From 1936 to 1941 he was stationed at Mitchell field, Kelly field and the Sacramento Air Depot. In 1941 he earned a Master’s Degree in Meteorology from California Institute of Technology.
After a short tour as a transport pilot in Alaska, he was assigned to the South Pacific to coordinate weather matters for the Army Air Corps. In 1943 he attended Command and General Staff College at Fort Leavenworth. In July 1943 he was assigned to the China Burma India Theater or CBI.
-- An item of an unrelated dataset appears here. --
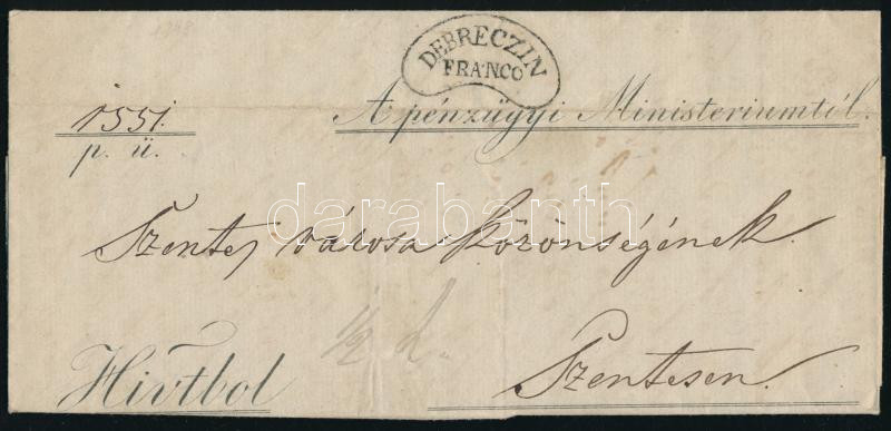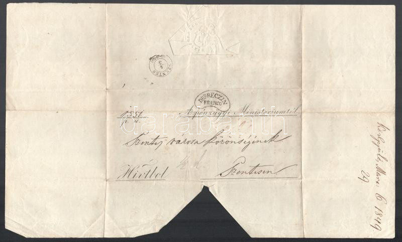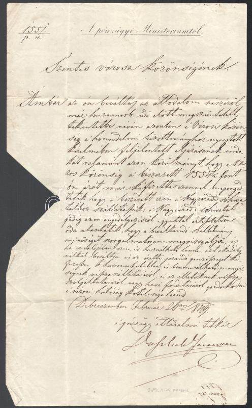 1849. február 26., Duschek Ferenc (1797-1873), az 1848/49-es forradalom és szabadságharc pénzügyminisztere (a Batthyány-kormány megalakulása után Kossuth, mint pénzügyminiszter államtitkári pozícióra hívta meg, azonban Kossuth egyéb elfoglaltságai miatt valójában már ekkor ő vezette a teljes tárcát; 1849. májusától a Szemere-kormányban már hivatalosan is pénzügyminiszter) autográf aláírása Szentes városának címzett, ón beváltásával kapcsolatos pénzügyminisztériumi levélen. "Pénzügy Ministerség" feliratú, címeres szárazbélyegzővel, "DEBRECZIN / FRANCO" bélyegzéssel.

Dick arrived in India in August 1943 and was designated as the Regional Control Officer for the 10th Weather Region and Commanding Officer of the 10th Weather Squadron. This assignment thrust him into the middle of many difficult problems that confronted the Army Air Corps in the Far East and gave him the opportunity to contribute greatly to the prodigious air supply operations over the “Hump” and into China. With China cut off from the outside world, except for the air route over the Hump, both General Chennault and Generalissimo Chiang Kai-shek were determined to use every pound of airlift capacity for desperately needed supplies and vigorously opposed Dick’s plan to ship weather forecasters and observers into China. His persistence resulted in the acceptance of his plan. Not only were weather stations established along the Hump route, but weathermen came to operate behind the Japanese lines, both in China and Southeast Asia.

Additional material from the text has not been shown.